He said, seriously, "Why are you messing with me?"
I whispered, (and it was extremely hard to whisper this many words) "I'm not messing with you, I am actually pregnant.  Here's the test."

And then he had his hands on his chest saying, "What?!  How?!  We only did it once!!  Oh my goodness!! You're pregnant?!"  He was insanely excited and I was just sitting there, feeling like I'm dying, wishing I could muster together enough energy and enthusiasm to act really excited.

It took a little while to sink in, but I definitely has.  I'm 5.5 weeks pregnant now.  At 4 weeks pregnant I had a flat stomach and a 6 pack.  This was me in the MORNING on the day I turned 5 weeks (I'm much bigger in the evenings).  I hadn't even showered yet, but I wanted to see how my maternity jeans fit.


Just like with the other two, I am growing insanely quickly.  I don't really understand why this happens to me.  My uterus does get big very very quickly, but I don't get why I immediately get so much bloat higher in my abdomen as well.  It never disappeared with my other two pregnancies, so I don't expect it to this time.

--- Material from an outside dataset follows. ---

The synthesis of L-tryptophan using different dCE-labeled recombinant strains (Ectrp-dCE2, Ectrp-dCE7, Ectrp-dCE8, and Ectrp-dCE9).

Because I haven't been seeing a fertility clinic, this pregnancy doesn't have the same level of monitoring that my previous pregnancies have had.  Because of that I've taken like 15 pregnancy tests, and as of this morning the lines are still getting much darker every time I take a test! 

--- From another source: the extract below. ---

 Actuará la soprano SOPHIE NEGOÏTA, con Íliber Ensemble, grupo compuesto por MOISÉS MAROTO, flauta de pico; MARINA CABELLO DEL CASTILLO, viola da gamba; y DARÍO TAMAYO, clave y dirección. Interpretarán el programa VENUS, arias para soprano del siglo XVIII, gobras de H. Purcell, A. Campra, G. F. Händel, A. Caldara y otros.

As for symptoms - at 5.5 weeks my big symptoms are major fatigue, bloating, and very sore boobs.  I had a lot of aversions last week, but they're not so bad anymore so I think it might have been a strange symptom of my illness.  I'm still getting over it and it's been 2.5 weeks since I got sick.

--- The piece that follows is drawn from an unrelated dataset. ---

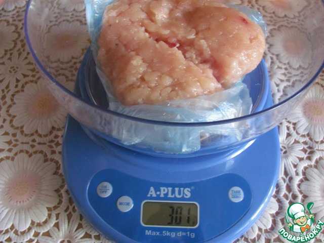 Взвешиваем 300 гр. фарша.
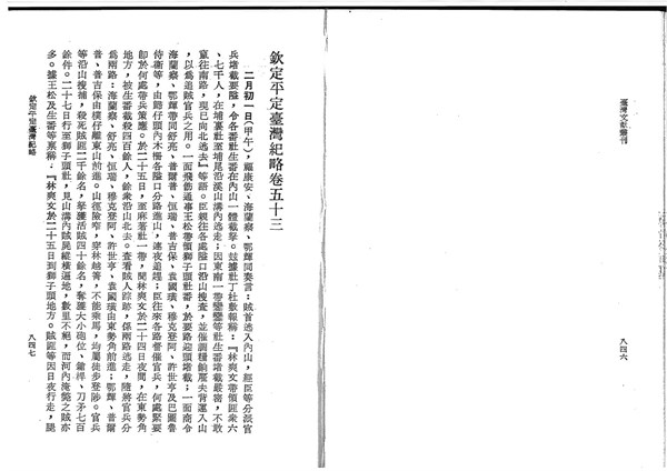 貴州、湖南官兵路程較遠,屯練降番素性不耐濕熱,令先行撤回 欽定平定臺灣紀略卷五十七 台灣文獻史料叢刊 -

So, this is why I'm back.  I documented by first two pregnancies very closely, and I've enjoyed being able to look back at what happened when with both pregnancies.  Hopefully I can pop in once in awhile to record what happens with this little Bambino.


Monday, March 31, 2014

Isaiah at 18 Months

Isaiah was 18 months on March 22, so I wanted to record a few things about him at this moment in time.


-He's 25lbs and just shy of 32 inches tall.

-He still only has 8 teeth.  His molars have been huge bruised "marbles" under his gums for MONTHS, but just now one is actually cutting through so that part of it is through the gums.  The other ones are still just bruises.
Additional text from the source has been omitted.